You are viewing a plain text version of this content. The canonical link for it is here.
Posted to commits@arrow.apache.org by we...@apache.org on 2020/05/05 21:40:38 UTC
[arrow] branch master updated: ARROW-8694: [C++][Parquet] Relax
string size limit when deserializing Thrift messages
This is an automated email from the ASF dual-hosted git repository.
wesm pushed a commit to branch master
in repository https://gitbox.apache.org/repos/asf/arrow.git
The following commit(s) were added to refs/heads/master by this push:
new bc283e3 ARROW-8694: [C++][Parquet] Relax string size limit when deserializing Thrift messages
bc283e3 is described below
commit bc283e33232a382e1f016d57c172c718b06b38ab
Author: Wes McKinney <we...@apache.org>
AuthorDate: Tue May 5 16:40:14 2020 -0500
ARROW-8694: [C++][Parquet] Relax string size limit when deserializing Thrift messages
While it's not an ideal use case for Parquet, the 10MB limit for strings was causing a Thrift deserialization failure due to the large "pandas metadata" JSON blob written with the Schema when there are many columns. A 100MB limit should still catch "memory bombs" caused by nefarious input while allowing pretty wide data frames to be stored successfully
Closes #7103 from wesm/ARROW-8694
Authored-by: Wes McKinney <we...@apache.org>
Signed-off-by: Wes McKinney <we...@apache.org>
---
cpp/src/parquet/thrift_internal.h | 2 +-
python/pyarrow/tests/test_parquet.py | 9 +++++++++
2 files changed, 10 insertions(+), 1 deletion(-)

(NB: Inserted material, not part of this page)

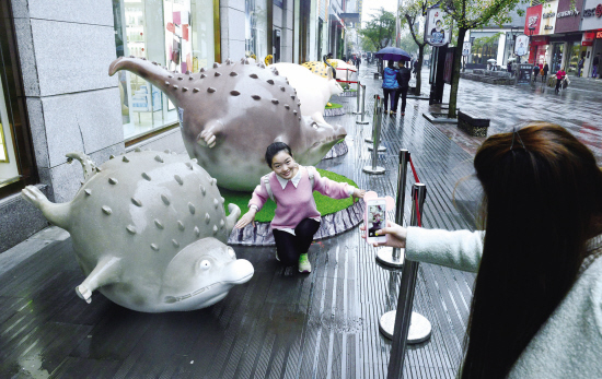 昨天,金华市区西市街上的“鳄鱼”、“豹”等动物吸引了许多路人驻足合影,瞬间让合影者变得萌萌哒。市民小刘说,她家就住在附近,回家时喜欢从西市街走。这一带经常会有商家的企划创意亮相,这让她觉得回家途中不那么单调。

diff --git a/cpp/src/parquet/thrift_internal.h b/cpp/src/parquet/thrift_internal.h
index 5a988c7..3e823c7 100644
--- a/cpp/src/parquet/thrift_internal.h
+++ b/cpp/src/parquet/thrift_internal.h
@@ -362,7 +362,7 @@ inline void DeserializeThriftUnencryptedMsg(const uint8_t* buf, uint32_t* len,
new ThriftBuffer(const_cast<uint8_t*>(buf), *len));
apache::thrift::protocol::TCompactProtocolFactoryT<ThriftBuffer> tproto_factory;
// Protect against CPU and memory bombs
- tproto_factory.setStringSizeLimit(10 * 1000 * 1000);
+ tproto_factory.setStringSizeLimit(100 * 1000 * 1000);
tproto_factory.setContainerSizeLimit(10 * 1000 * 1000);
shared_ptr<apache::thrift::protocol::TProtocol> tproto = //
tproto_factory.getProtocol(tmem_transport);
diff --git a/python/pyarrow/tests/test_parquet.py b/python/pyarrow/tests/test_parquet.py
index f76496d..31de9fe 100644
--- a/python/pyarrow/tests/test_parquet.py
+++ b/python/pyarrow/tests/test_parquet.py
@@ -3955,6 +3955,15 @@ def test_fastparquet_cross_compatibility(tempdir):
tm.assert_frame_equal(table_fp.to_pandas(), df)
+def test_table_large_metadata():
+ # ARROW-8694
+ my_schema = pa.schema([pa.field('f0', 'double')],
+ metadata={'large': 'x' * 10000000})
+
+ table = pa.table([np.arange(10)], schema=my_schema)
+ _check_roundtrip(table)
+
+
@parametrize_legacy_dataset_skip_buffer
@pytest.mark.parametrize('array_factory', [
lambda: pa.array([0, None] * 10),